Hubble Telescope Finds Methane On Jupiter-Sized World
A team of astronomers led by Mark
Swain of NASA's Jet Propulsion Laboratory in Pasadena, CA, has made
the first detection ever of an organic molecule in the atmosphere
of a Jupiter-sized planet orbiting another star. The breakthrough,
made with NASA's Hubble Space Telescope, is an important step in
eventually identifying signs of life on a planet outside our solar
system.
The molecule found by Hubble is methane, which under the right
circumstances can play a key role in prebiotic chemistry -- the
chemical reactions considered necessary to form life as we know
it.
This discovery proves that Hubble and upcoming space missions,
such as NASA's James Webb Space Telescope, can detect organic
molecules on planets around other stars by using spectroscopy,
which splits light into its components to reveal the "fingerprints"
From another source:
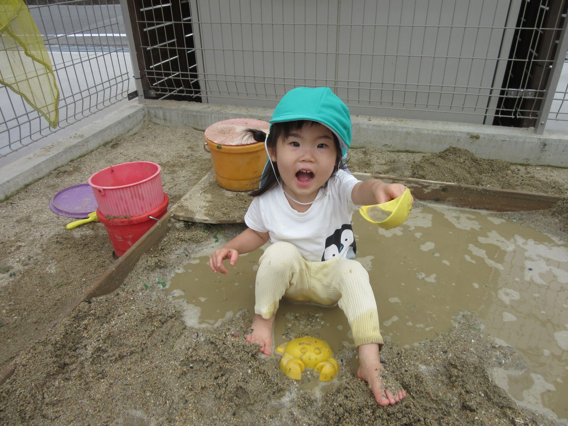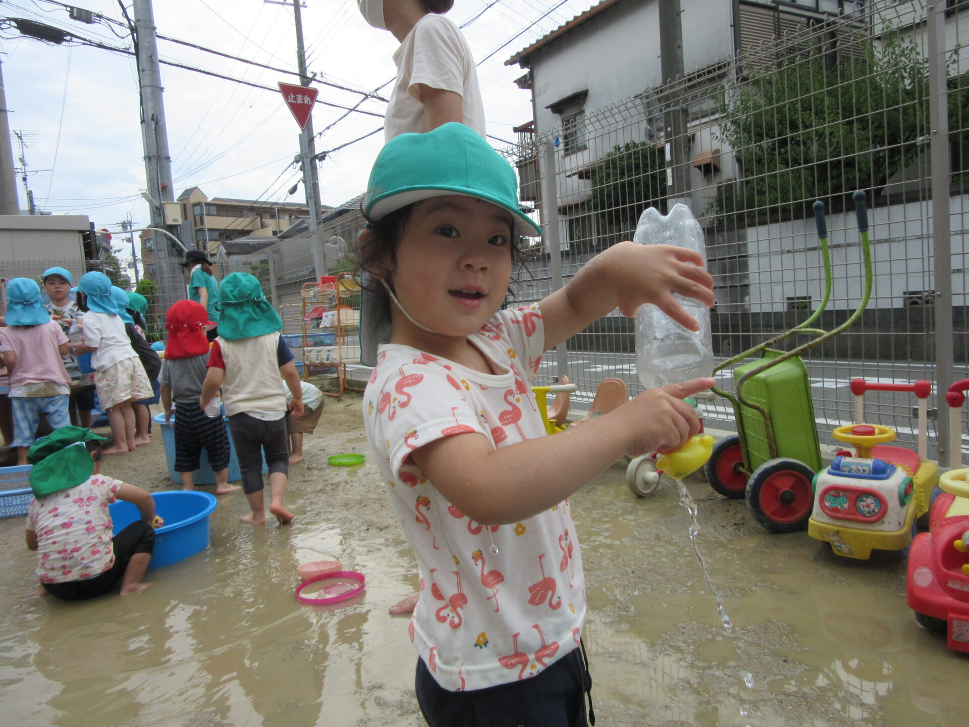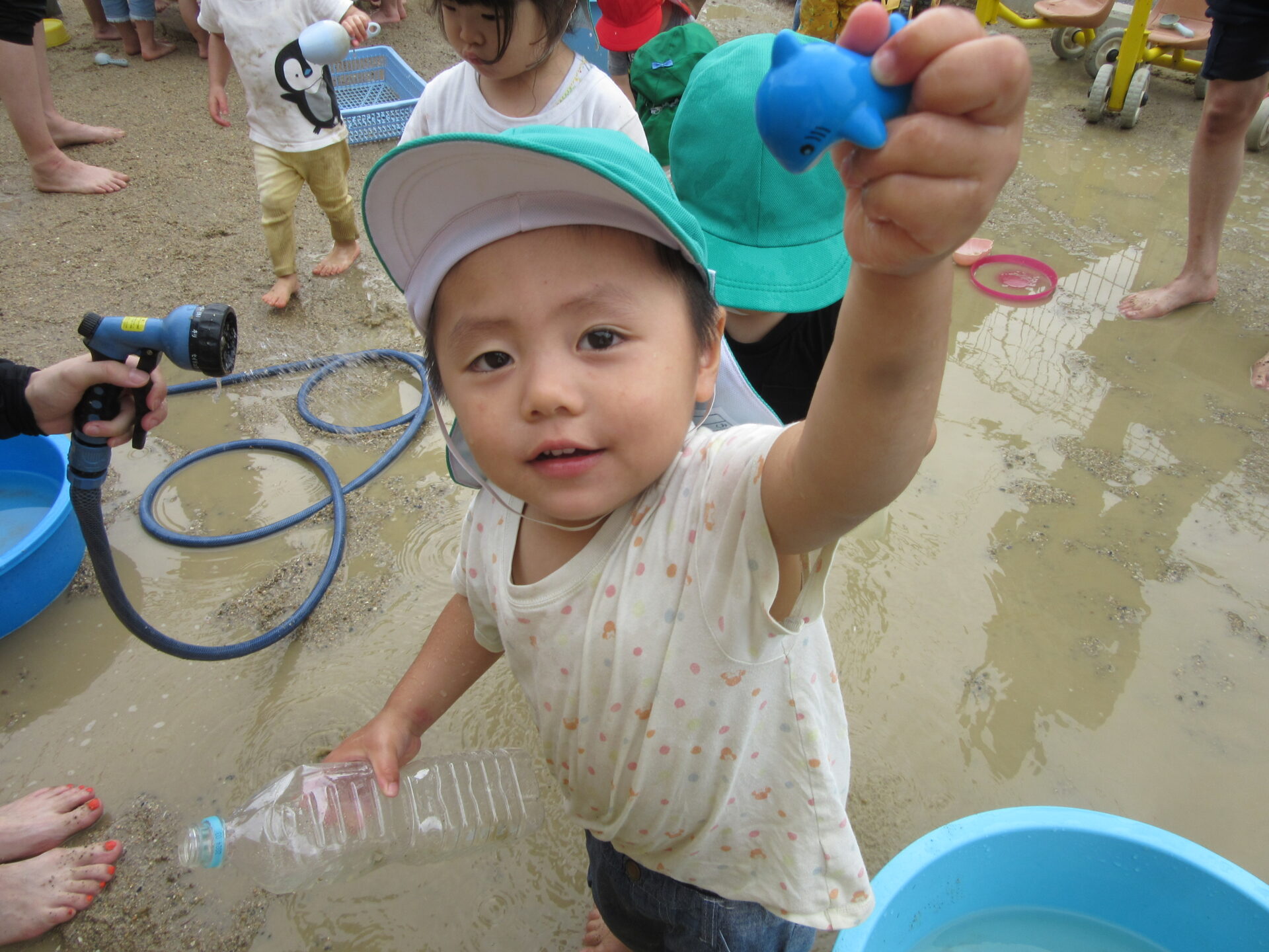 もう体や顔に水がかかってもへっちゃらの子も多く、たくさんの水に触れて遊びました。

of various chemicals. "This is a crucial stepping stone to
eventually characterizing prebiotic molecules on planets where life
could exist," said Swain, lead author of a paper appearing in the
March 20 issue of Nature.
The discovery comes after extensive observations made in May
2007 with Hubble's Near Infrared Camera and Multi-Object
Spectrometer. It also confirms the existence of water molecules in
the planet's atmosphere, a discovery made originally by NASA's
Spitzer Space Telescope in 2007.
"With this observation there is no question whether there is
water or not -- water is present," said Swain.
The planet now known to have methane and water is located 63
light-years away in the constellation Vulpecula. Called HD 189733b,
the planet is so massive and so hot it is considered an unlikely
host for life. HD 189733b, dubbed a "hot Jupiter," is so close to
its parent star it takes just over two days to complete an orbit.
These objects are the size of Jupiter but orbit closer to their
stars than the tiny innermost planet Mercury in our solar system.
HD 189733b's atmosphere swelters at 1700 degrees Fahrenheit, about
the same temperature as the melting point of silver.
Though the star-hugger planet is too hot for life as we know
it, "this observation is proof that spectroscopy can eventually be
done on a cooler and potentially habitable Earth-sized planet
orbiting a dimmer red dwarf-type star," Swain said. The ultimate
goal of studies like these is to identify prebiotic molecules in
the atmospheres of planets in the "habitable zones" around other
stars, where temperatures are right for water to remain liquid
rather than freeze or evaporate away.
The observations were made as the planet HD 189733b passed in
front of its parent star in what astronomers call a transit. As the
light from the star passed briefly through the atmosphere along the
edge of the planet, the gases in the atmosphere imprinted their
unique signatures on the starlight from the star HD 189733. The
astronomers were surprised to find that the planet has more methane
than predicted by conventional models for "hot Jupiters."
"This indicates we don't really understand exoplanet atmospheres
yet," said Swain. "These measurements are an important step to our
ultimate goal of determining the conditions, such as temperature,
pressure, winds, clouds, etc., and the chemistry on planets where
life could exist. Infrared spectroscopy is really the key to these
studies because it is best matched to detecting molecules."